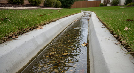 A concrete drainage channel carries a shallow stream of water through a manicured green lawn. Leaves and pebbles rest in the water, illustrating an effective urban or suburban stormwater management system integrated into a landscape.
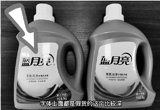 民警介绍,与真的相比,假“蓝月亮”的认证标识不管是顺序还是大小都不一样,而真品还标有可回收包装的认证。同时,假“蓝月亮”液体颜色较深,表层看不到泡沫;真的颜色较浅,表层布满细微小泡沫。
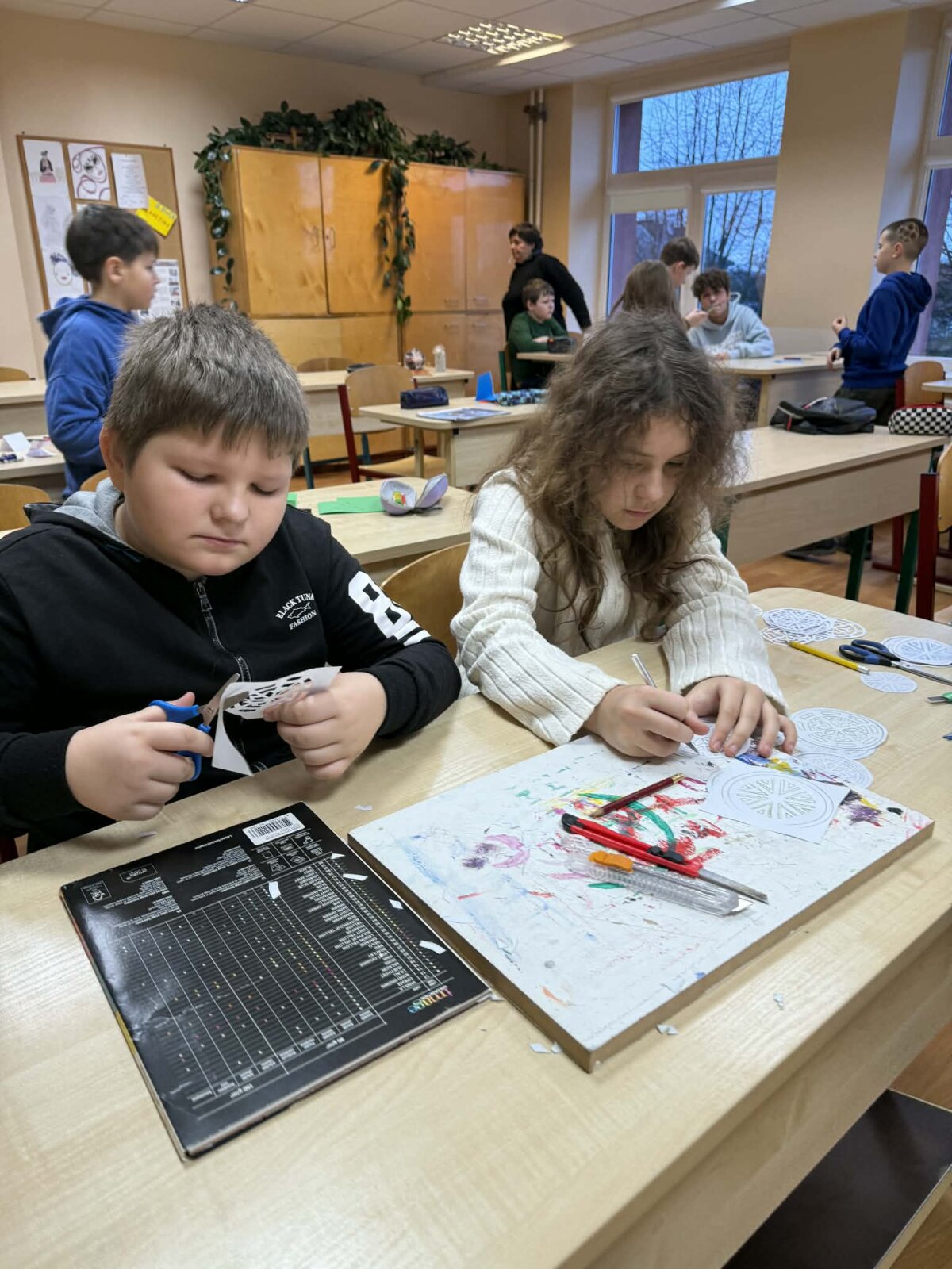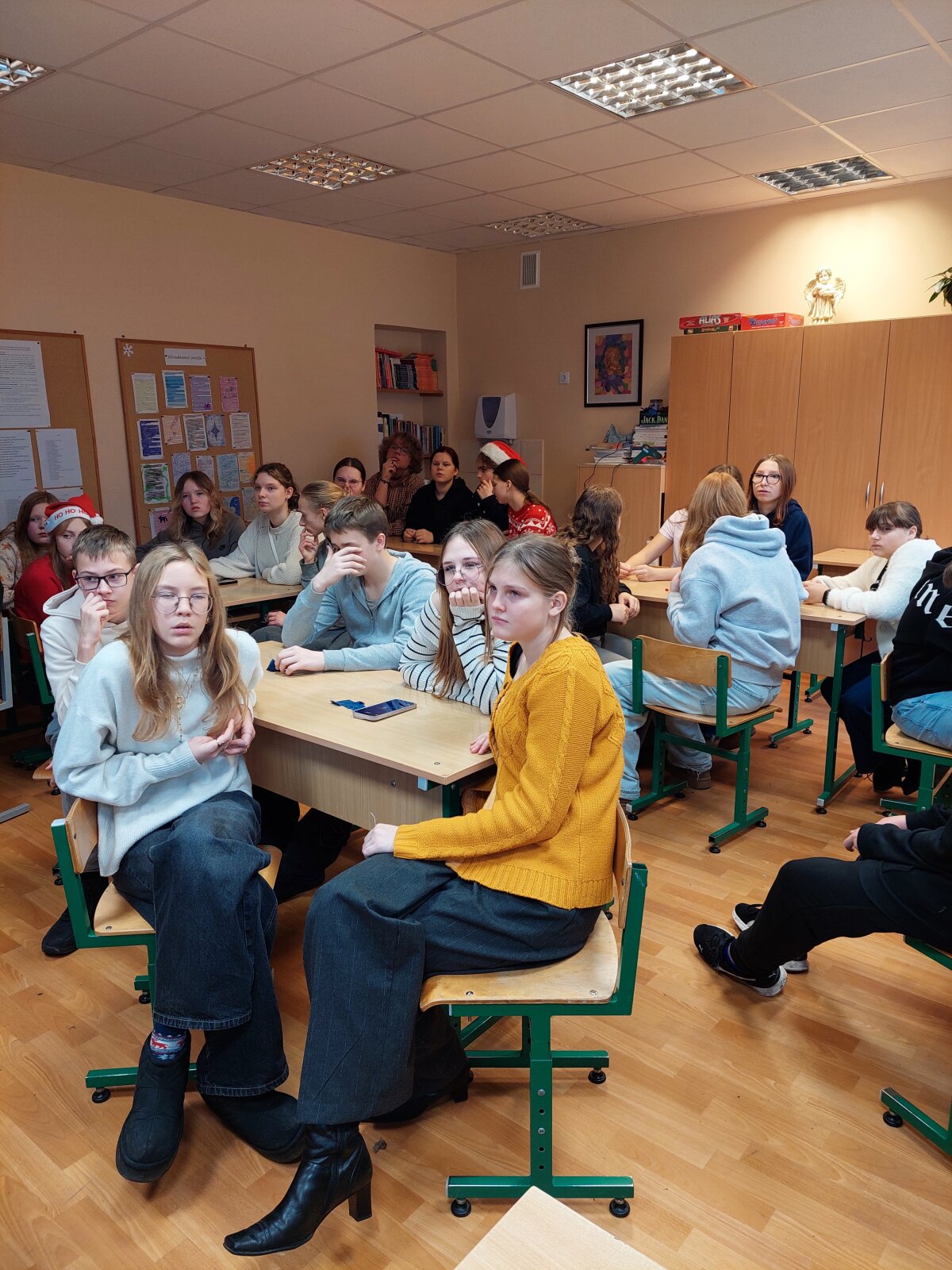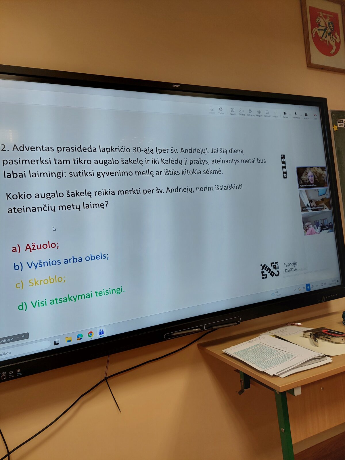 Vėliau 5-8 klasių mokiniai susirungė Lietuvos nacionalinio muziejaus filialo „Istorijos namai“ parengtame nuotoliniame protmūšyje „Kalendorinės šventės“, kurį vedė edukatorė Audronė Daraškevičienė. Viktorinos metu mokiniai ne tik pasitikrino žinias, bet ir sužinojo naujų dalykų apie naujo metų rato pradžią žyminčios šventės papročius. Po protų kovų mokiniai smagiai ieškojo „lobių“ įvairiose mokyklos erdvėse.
----
▶ TO DO
Pictures stay out of the answer; the rest of the listing above is returned exactly.

▶ RESULT FOR THIS EXERCISE
 A concrete drainage channel carries a shallow stream of water through a manicured green lawn. Leaves and pebbles rest in the water, illustrating an effective urban or suburban stormwater management system integrated into a landscape.
 民警介绍,与真的相比,假“蓝月亮”的认证标识不管是顺序还是大小都不一样,而真品还标有可回收包装的认证。同时,假“蓝月亮”液体颜色较深,表层看不到泡沫;真的颜色较浅,表层布满细微小泡沫。
 Vėliau 5-8 klasių mokiniai susirungė Lietuvos nacionalinio muziejaus filialo „Istorijos namai“ parengtame nuotoliniame protmūšyje „Kalendorinės šventės“, kurį vedė edukatorė Audronė Daraškevičienė. Viktorinos metu mokiniai ne tik pasitikrino žinias, bet ir sužinojo naujų dalykų apie naujo metų rato pradžią žyminčios šventės papročius. Po protų kovų mokiniai smagiai ieškojo „lobių“ įvairiose mokyklos erdvėse.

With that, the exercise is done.